The history of the present struggle may be embraced in a few words. It began in April of last year, when, unable to endure any longer the unheard-of tyranny of the Turks, the Cretans assembled, and addressed a memorial to the Sultan, imploring relief, and showing that for the two preceding years the taxes they had been forced to pay into the Ottoman treasury exceeded the revenues of the island. The Sultan replied after three months, by landing a body of thirty thousand Turkish-Egyptian troops. During July and August, there was no collision; but when, on the 31st of August, Mustapha Pacha landed on the island with instructions to refuse all concessions on the part of the Porte, the Christians collected their forces, and, taking a solemn oath to obtain their liberty and be united with Greece, or die in the attempt, went into the conflict with a calmness and intrepidity which challenges comparison with any thing recorded in the annals of man. And now for about five months and a half, up to the moment when we write these words, they have never quailed before the deadly task they have set themselves.

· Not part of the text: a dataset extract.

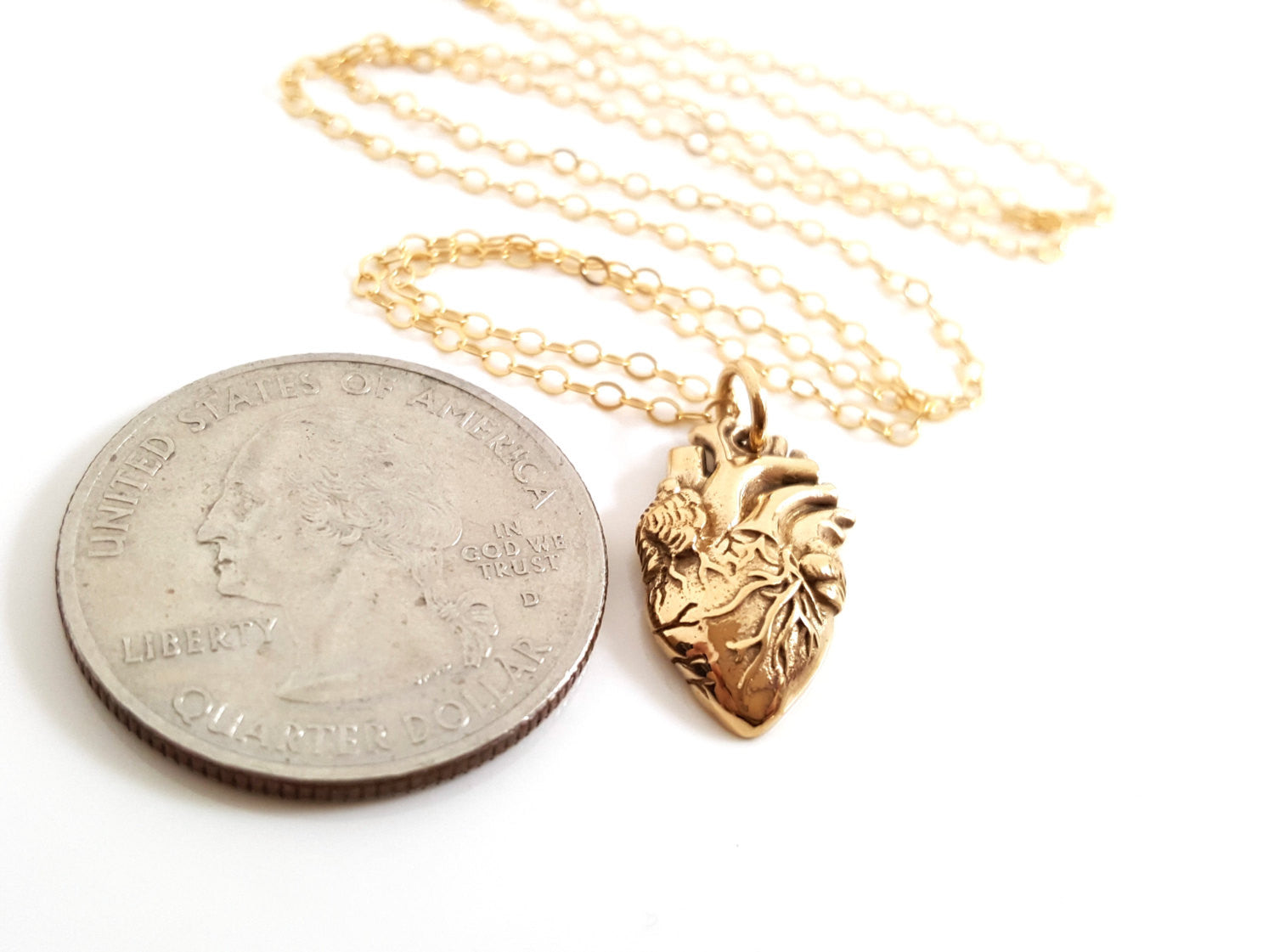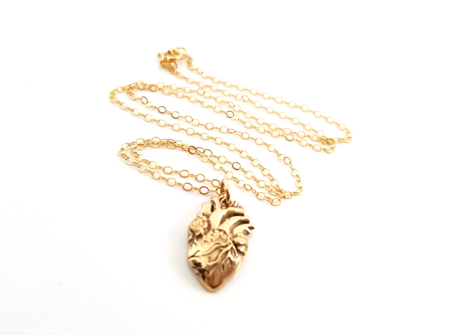 Anatomical Heart Charm 14k Gold Filled Necklace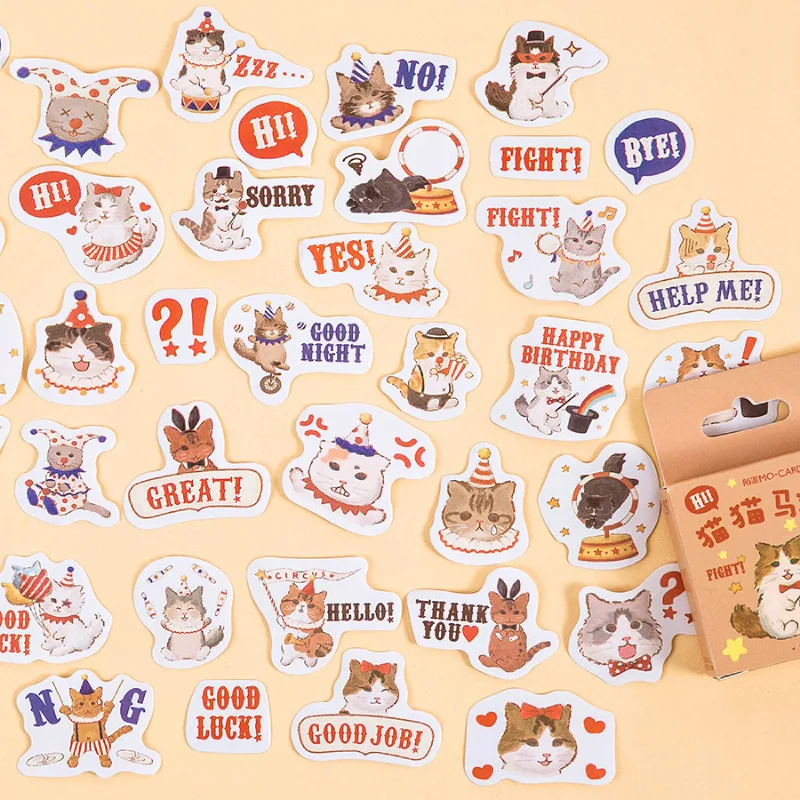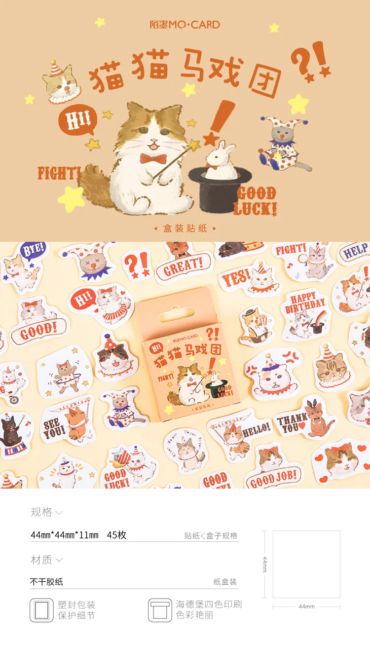 45 штук в коробке, наклейка с котом, цирком, животными, Мультяшные ...

They have seen their wives and children massacred, and their houses and fields burned and laid waste; and they have fought on, with God's voice only to cheer them.

The Minotaur was once a fabulous animal in Crete: he is fabulous no longer. Half bull, half man, he stalks to-day, raging with the fury of ten thousand fiends, over that doomed isle, trampling all things, man, woman, child, orchards, olive groves, meadows, under his brutal hoof. Once and again the tribute of the choicest youths and maidens of matchless beauty has been offered up to him, but only to whet his insatiable appetite and to fire his godless lust. It remains but for some brave Theseus to slay him. And let us hope that he will appear, on board an iron-clad, and with a Spencer rifle, for the beautiful Ariadne, the beaming, radiant goddess,

* See Christian Examiner for May, 1862, and July, 1864.

the white-winged genius

Aridela, as the Cretans called her, of liberty, waits to give him the key to the labyrinth, and conduct him to the monster's lair; that so in the beast's blood the bond may be for ever severed which, binding Asia with Europe, leagues together in an infamous union the aspiring intellect and the purer hope of the West, with the filthy vices and the sodden despair of the East.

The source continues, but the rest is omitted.